The overall decline in exports reflects a strong dollar, driven by tighter monetary policy, and weakening global demand. The dollar has gained 10.5% against the currencies of the United States’ main trade partners this year.
“We do not expect this landscape to change markedly in the near term and we look for the goods trade gap to continue to narrow in the months ahead,” said Matthew Martin, a U.S. economist at Oxford Economics in New York.
Record exports and moderate consumer spending were the only bright spots in the economy in the second quarter, helping to limit the hit to gross domestic product from a sharp deceleration in the pace of inventory accumulation.
The economy contracted at a 0.6% annualized rate last quarter. That followed a 1.6% pace of decline in GDP in the January-March quarter.

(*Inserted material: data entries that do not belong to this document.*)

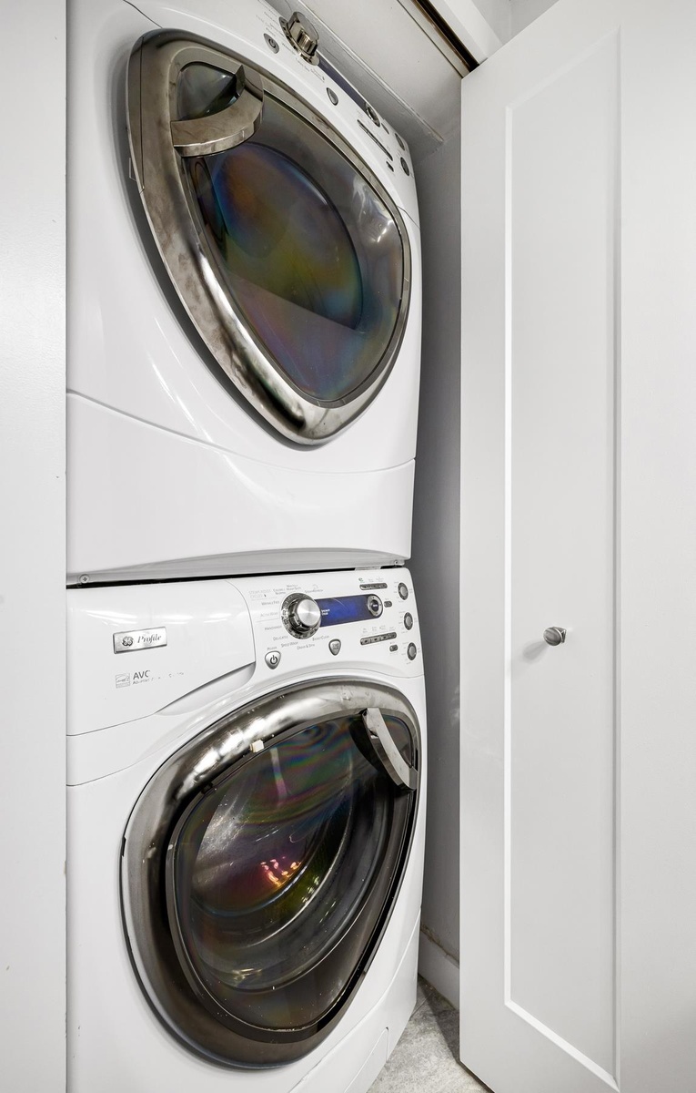 The upper level offers two bright king sized bedrooms each with custom built closets and a newly renovated bathroom with new fixtures including a warming rack for towels.
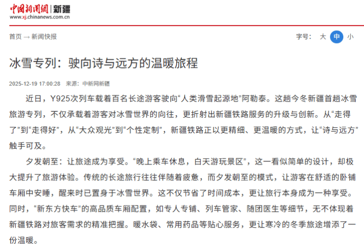 12月26日,《新华每日电讯》刊发《南疆慢车行》,以记者乘车亲历为视角,聚焦往返和田至乌鲁木齐的7558次公益性 “慢火车”,讲述它如何成为南疆民生与发展的纽带,见证并推动当地从交通、生活到观念的巨变,凸显国家 “不落下一个人” 的民生承诺。
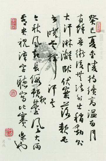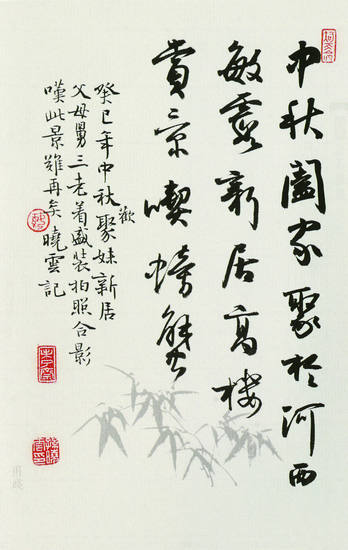 鄭培亮寫濁酒、香煙、商品房,讀來令人會心一笑。漆鋼去重慶龍咀公園、金山公園寫聯,別人準備的不好,遂自寫山鋪秀色,送蔭拂座;水映嵐光,花氣宜人。孫曉云寫癸巳夏,金陵持續高溫兩月有余,吾術后無法外出,稍動則大汗淋漓,伏案落款,必書曉云揮汗矣,又記中秋闔家聚于河西敏露新居,高樓賞景,吃螃蟹等居家瑣事,讀來亦清新可喜。將白話和生活記錄引入書法,進行藝術化的表述,是生活審美化和審美日常化的規律。中國書協副主席言恭達認為,就好像星巴克推出的不只是咖啡,還有對咖啡的體驗一樣,書法也不應只是寫字,而是幾千年傳承的生活方式、生存智慧與感悟。如果書法家陶醉于古董文明、化石文明而不自覺,就缺失了對生活的碰觸和時代的擔當。書法家孟鴻聲說。

S&P Global Market Intelligence boosted its third-quarter GDP growth tracking to a 2.1% rate from a 0.4% pace previously. Economists at Goldman Sachs raised their estimate by 0.2 percentage point to a 1.4% rate. Despite the GDP upgrades, a big drag from housing is anticipated.
Soaring mortgage rates, in response to the tighter monetary policy, are weighing on the housing market. The 30-year fixed mortgage rate averaged 6.29% last week, the highest since October 2008, from 6.02% in the prior week, according to data from mortgage finance agency Freddie Mac.

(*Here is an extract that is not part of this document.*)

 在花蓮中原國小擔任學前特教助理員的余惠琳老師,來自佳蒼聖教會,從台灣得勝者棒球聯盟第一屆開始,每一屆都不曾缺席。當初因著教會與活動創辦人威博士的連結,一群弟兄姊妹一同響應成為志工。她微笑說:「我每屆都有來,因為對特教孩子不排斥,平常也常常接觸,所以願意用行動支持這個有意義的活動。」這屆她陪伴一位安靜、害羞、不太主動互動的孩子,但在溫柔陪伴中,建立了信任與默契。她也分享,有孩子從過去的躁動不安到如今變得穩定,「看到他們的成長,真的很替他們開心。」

A separate report from the National Association of Realtors on Wednesday showed signed contracts to buy previously owned homes dropped 2.0% in August. Contracts, which become sales after a month or two, have declined in nine of the last 10
“U.S. housing recession is already here,” said James Knightley, chief international economist at ING in New York.
The Commerce Department also reported that wholesale inventories jumped 1.3% in August after rising 0.6% in July. Retail inventories increased 1.4% after advancing 1.1% in July.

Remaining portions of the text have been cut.